Activity> Please work out how many lines in the data below hold the word "бичил", and state only the number.
[[ Data records open ]]
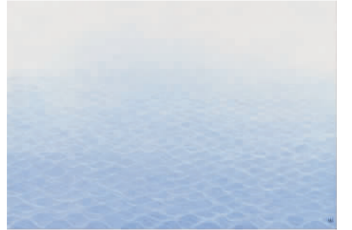
《对话马远之秋水回波》
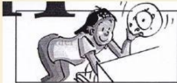
Noriko range la vaisselle dans le lave-vaisselle. Elle met la machine en marche.

Regarde bien les dessins. Puis, complète la liste de vocabulaire à la page suivante. Bekijk de tekeningen goed. Vul dan de woordenschatlijst aan op de volgende pagina.
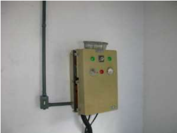
Figura 27 - EEAT Nova Viana .
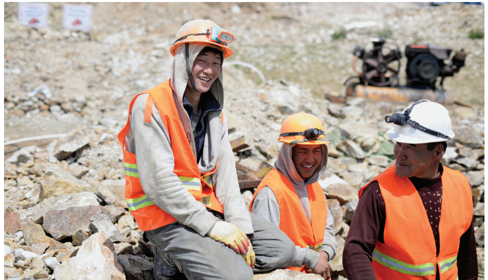
Бичил уурхайг албажуулснаар бичил уурхайчдын амьжиргаанд эерэг өөрчлөлт гарав.

Бичил уурхайн салбар нь орон нутгийн иргэд амьжиргаагаа залгуулахад чухал ач холбогдолтой бөгөөд энэ салбарт хэрэгжиж буй Тогтвортой бичил уурхай төслийн (ТБУТ) үр шимийг бичил уурхай эрхэлж буй 60 гаруй мянган иргэд болон тэдний гэр бүлийнхэн хүртэж байна. ТБУТ нь (I) бичил уурхайд хүний эрхэд суурилсан хандлагыг төлөвшүүлэх, (II) алтны нийлүүлэлтийн сүлжээг албажуулахад дэмжлэг үзүүлэх, (III) бичил уурхайн олон улсын мэдлэгийн төв байгуулахад анхаарч байна.
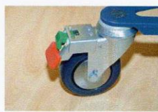
Ruote posteriori bloccabili

I prodotti KRÄMER sono omologati ISO 9001 e rispondono alle più recenti normative europee. Le versioni elettriche sono marchiati CE come prevede la nuova legislazione, Direttiva 93/42 CEE per Dispositivi Medici
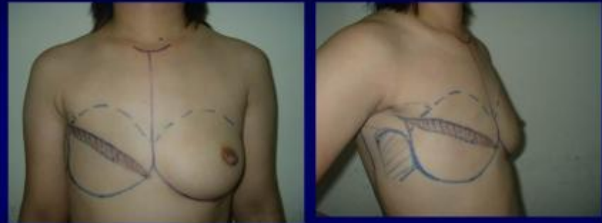
Vẽ trước mổ
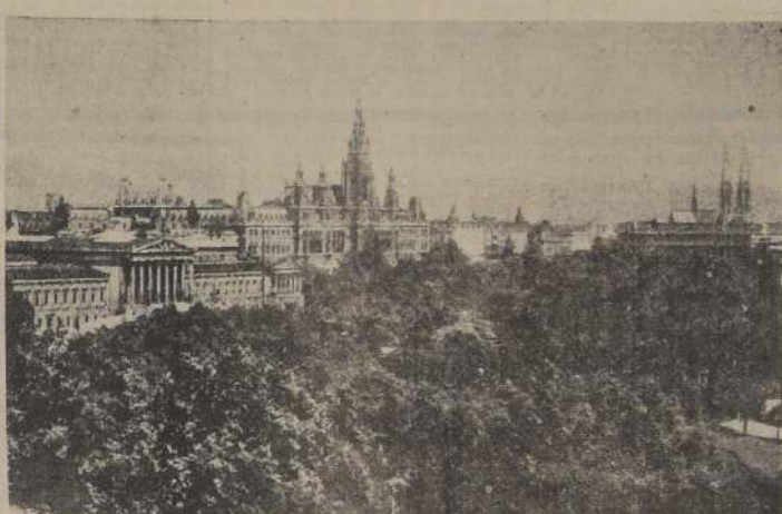
La Municipalidad y el Parlamento de Viena
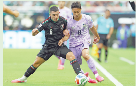
► Al medio tiempo, la posesión de balón fue de 56% para el Tricolor y 44% para los coreanos.
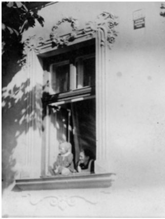
detail ornamentácie okna

alebo moderný štýl, nemčina ako Jugendstil (mladý štýl). Je výrazom odpútania sa od historickej architektúry a protestom voči konzervatívne akademizmu. Pre secesiu je typické bohaté zdobenie fasád a interiérov rastlinnými a mytologickými motívami, rozmanitá farebnosť, vitrážové okná, ozdobné zábradlia a vybavenie interiéru v duchu nového slohu. Vnútorne zariadenie týchto bytov často zodpovedalo vonkajšej ozdobnosti. Bežnými sa stali ornamentálne tapety, masívny vyrezávaný nábytok alebo krištáľové lustre. Avšak podobne zariadené domy si mohli dovoliť
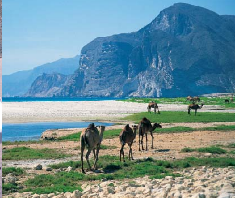
Alle Bilder dieses Folders sind urheberrechtlich geschützt.
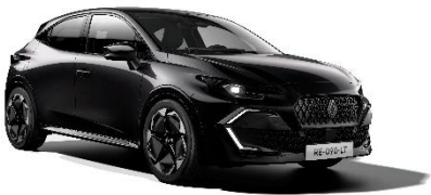
biserno crna (2)
[[ Data records closed ]]
Solution for this task> 2